DATASET SECTION »
========================

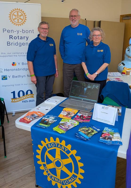 Our stand included information about Rotary and membership options for Rotary Bridgend. We also showed the video of our three Centenary Projects - Heronsbridge School, Y Bont and Y Bwthyn Newydd.
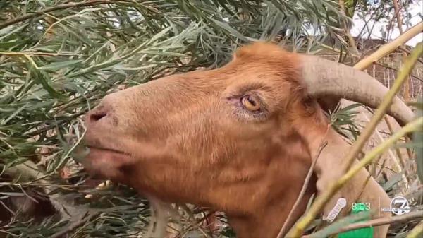 300只山羊在布莱顿的肯·米切尔开放空间吃草,以减少野火燃料
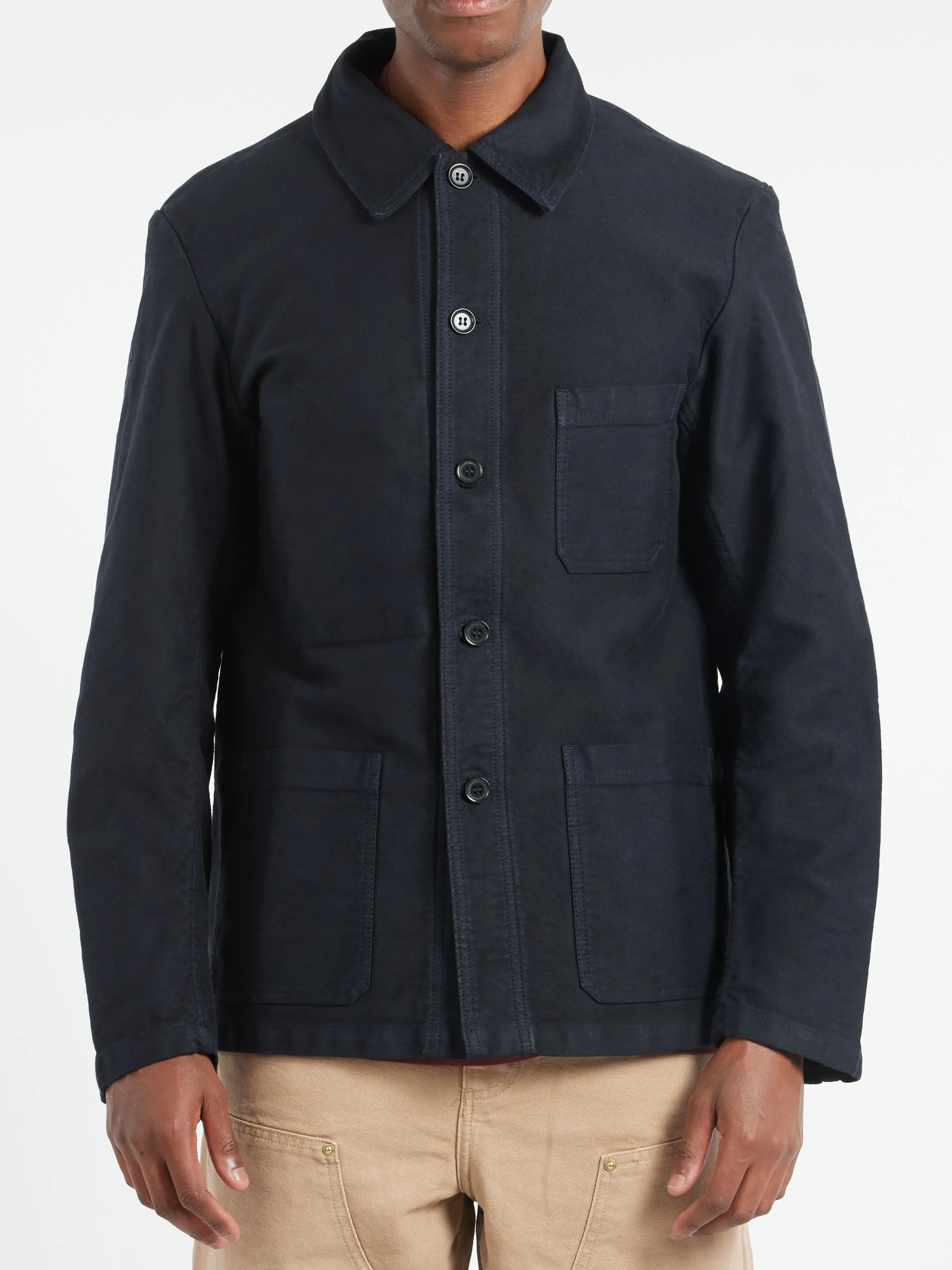 A classic French workwear jacket made from a washed moleskin.
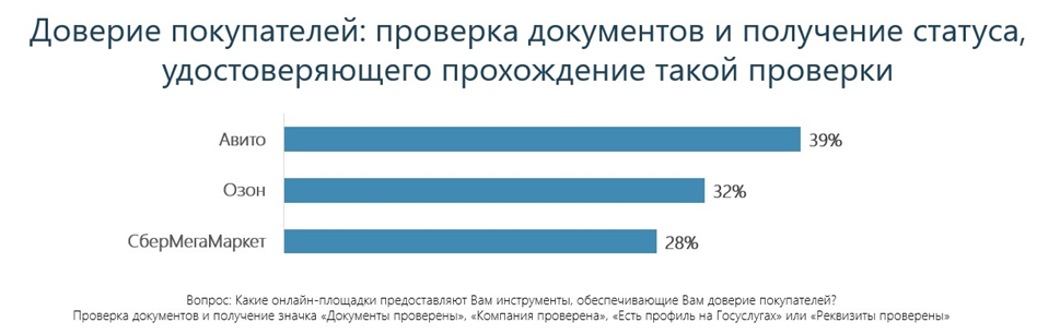 На вопрос, какие онлайн-площадки предоставляют инструменты, обеспечивающие доверие покупателей, большинство компаний из числа респондентов назвали “Авито” (39%), Ozon (32%) и СберМегаМаркет (28%).

========================

ACTION ITEM » Extract the run of lines beginning with the line that holds "300只山羊在布莱顿的肯·米切尔开放空间吃草,以减少野火燃料" and ending at the last line of the data, inclusive. Exclude any pictures from the copy.

SOLUTION TO THIS EXERCISE »
 300只山羊在布莱顿的肯·米切尔开放空间吃草,以减少野火燃料
 A classic French workwear jacket made from a washed moleskin.
 На вопрос, какие онлайн-площадки предоставляют инструменты, обеспечивающие доверие покупателей, большинство компаний из числа респондентов назвали “Авито” (39%), Ozon (32%) и СберМегаМаркет (28%).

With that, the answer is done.